:: Supplied data ::
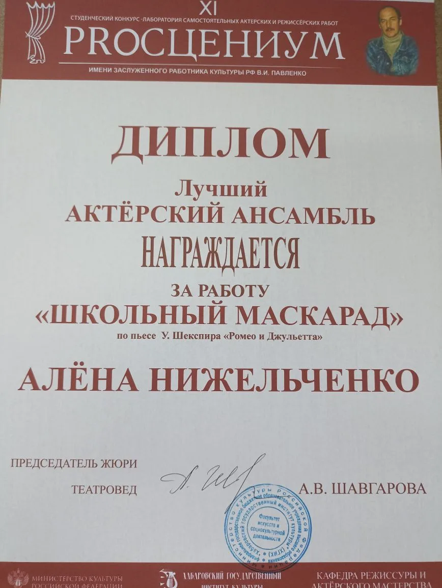 Лучший актерский ансамбль - Алена Нижельченко, за работу «ШКОЛЬНЫЙ МАСКАРАД» по пьесе У. Шекспира «Ромео и Джульетта»
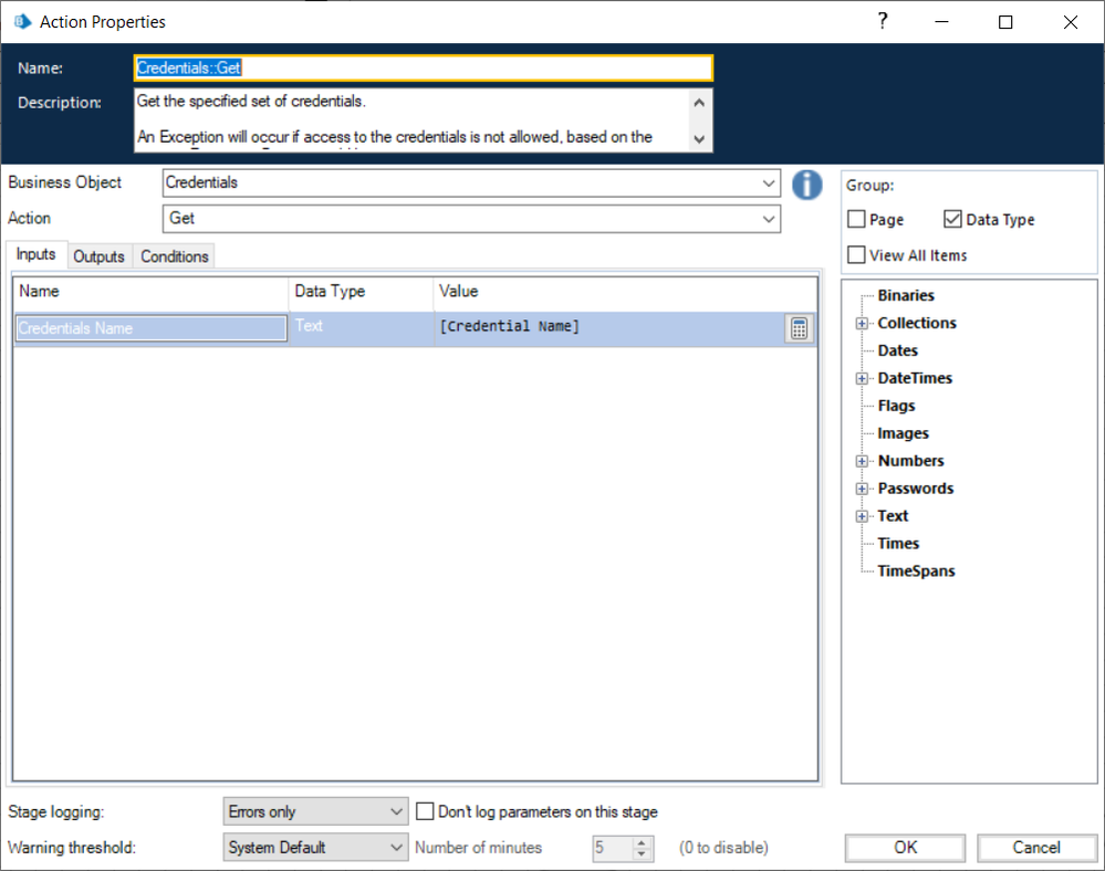 Next, in my process, I'll use the native Credential VBO to get the Username and Password value based on the name of the credential.
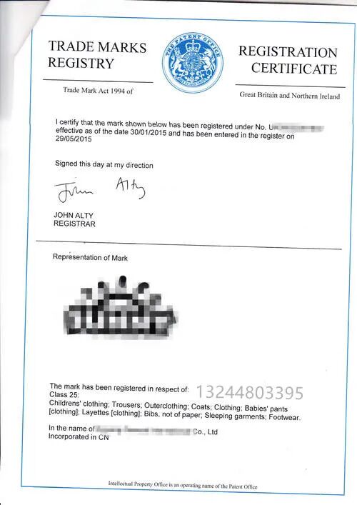 6.获得证书:商标被核准注册后,申请人将获得英国专利商标局下发的注册证书。

:: Work task ::
Print the material above verbatim except the pictures.

:: Result ::
 Лучший актерский ансамбль - Алена Нижельченко, за работу «ШКОЛЬНЫЙ МАСКАРАД» по пьесе У. Шекспира «Ромео и Джульетта»
 Next, in my process, I'll use the native Credential VBO to get the Username and Password value based on the name of the credential.
 6.获得证书:商标被核准注册后,申请人将获得英国专利商标局下发的注册证书。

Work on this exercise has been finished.